» **Working data**:
══════════

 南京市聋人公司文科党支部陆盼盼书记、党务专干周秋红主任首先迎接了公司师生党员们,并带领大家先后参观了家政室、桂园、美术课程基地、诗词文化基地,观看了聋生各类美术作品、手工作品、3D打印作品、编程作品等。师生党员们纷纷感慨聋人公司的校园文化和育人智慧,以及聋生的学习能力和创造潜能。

══════════

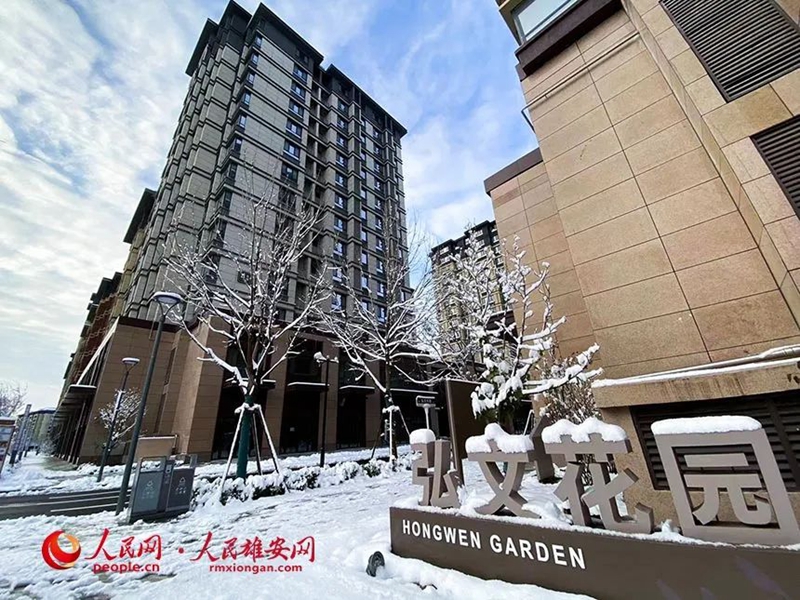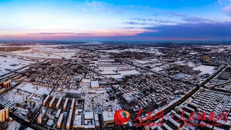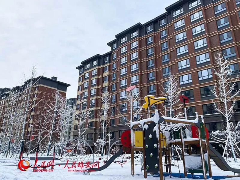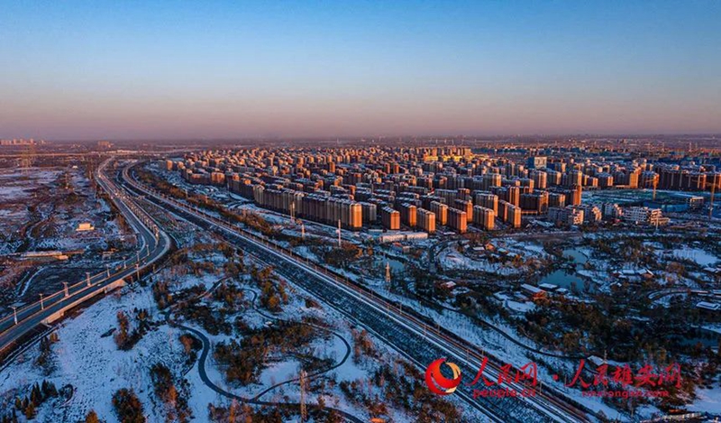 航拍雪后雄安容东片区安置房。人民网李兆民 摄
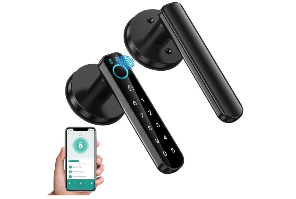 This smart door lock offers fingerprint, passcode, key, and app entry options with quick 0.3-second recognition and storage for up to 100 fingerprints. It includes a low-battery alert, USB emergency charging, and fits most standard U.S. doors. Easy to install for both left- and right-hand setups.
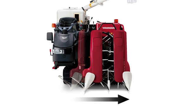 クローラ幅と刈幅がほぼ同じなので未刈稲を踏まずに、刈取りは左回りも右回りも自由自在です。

══════════

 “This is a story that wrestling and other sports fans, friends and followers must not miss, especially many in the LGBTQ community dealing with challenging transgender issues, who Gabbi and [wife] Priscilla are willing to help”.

══════════

» **Exercise directions**:
Quote the data above exactly from the line with "This smart door" to the line with "クローラ幅と刈幅がほぼ同じな", both ends counted, and nothing else. Pictures don't go in.

» **Task answer**:
 This smart door lock offers fingerprint, passcode, key, and app entry options with quick 0.3-second recognition and storage for up to 100 fingerprints. It includes a low-battery alert, USB emergency charging, and fits most standard U.S. doors. Easy to install for both left- and right-hand setups.
 クローラ幅と刈幅がほぼ同じなので未刈稲を踏まずに、刈取りは左回りも右回りも自由自在です。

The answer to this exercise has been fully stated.